23.2.2 Bijbehorende bouwwerken
Voor bijbehorende bouwwerken bij een woning gelden de volgende regels:
-
de gezamenlijke oppervlakte van bijbehorende bouwwerken per meergezinshuis mag maximaal 10 m² bedragen;
-
in afwijking van het bepaalde in sub a onder 1 is een gezamenlijke oppervlakte van maximaal 20 m² toegestaan, mits niet meer dan 50% van het bouwperceel wordt bebouwd;
-
het bijbehorende bouwwerk dient minimaal 3 m achter de voorgevel van het hoofdgebouw en het verlengde daarvan te liggen;
-
de afstand van een overkapping tot de voorgevel van het hoofdgebouw en het verlengde daarvan moet ten minste 0 m bedragen;
-
de goothoogte van een vrijstaand bijbehorend bouwwerken mag niet meer dan 3,25 m bedragen;
-
de bouwhoogte van een vrijstaand bijbehorende bouwwerk mag niet meer dan 5 m bedragen;
-
de goothoogte van aangebouwde bijbehorend bouwwerken mag maximaal de bouwhoogte van de eerste bouwlaag van het hoofdgebouw bedragen, vermeerderd met 0,25 m, maar nooit meer dan 3,25 m;
-
de bouwhoogte van aangebouwde bijbehorend bouwwerken moet minimaal 2 m minder zijn dan de bouwhoogte van het hoofdgebouw;
-
de bouwhoogte van overkappingen mag niet meer dan 3,25 m bedragen.

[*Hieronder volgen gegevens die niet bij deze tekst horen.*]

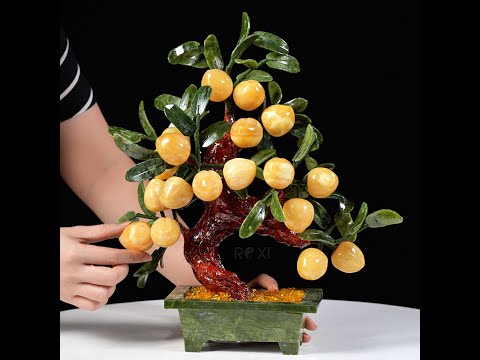 Cây đào ngọc hoàng long với những quả đào mang màu vàng rực rỡ được chế tác từ ngọc hoàng long tự nhiên, lá và chậu được chế tác từ ngọc serpentine. Mỗi chi tiết trên cây đều được chế tác tỉ mỉ bởi các nghệ nhân lành nghề, mang đến vẻ đẹp đầy sức sống.

23.2.3 Bouwwerken, geen gebouwen zijnde
Voor een bouwwerk geen gebouw zijnde gelden de volgende regels:
-
de bouwhoogte van terrein- en erfafscheidingen mag, achter het denkbeeldig verlengde van de naar de weg toegekeerde gevel(s), niet meer dan 2 m bedragen;
-
de bouwhoogte van terrein- en erfafscheidingen mag, voor het denkbeeldig verlengde van de naar de weg toegekeerde gevel(s), niet meer dan 1 m bedragen;
-
de bouwhoogte van palen en masten mag niet meer dan maximaal 6 m bedragen;
-
in overige gevallen mag de bouwhoogte niet meer dan 5 m bedragen.
23.3 Nadere eisen
23.3.1 Bevoegdheid
Burgemeester en wethouders kunnen nadere eisen stellen aan de plaats en afmetingen van de bebouwing ten behoeve van:
-
het straat- en bebouwingsbeeld;
-
de milieusituatie;
-
de verkeersveiligheid;
-
de gebruiksmogelijkheden van de aangrenzende gronden;
-
de sociale veiligheid;
-
de externe veiligheid.
23.3.2 Procedure
Voor het stellen van nadere eisen geldt de in artikel 35 vermelde voorbereidingsprocedure.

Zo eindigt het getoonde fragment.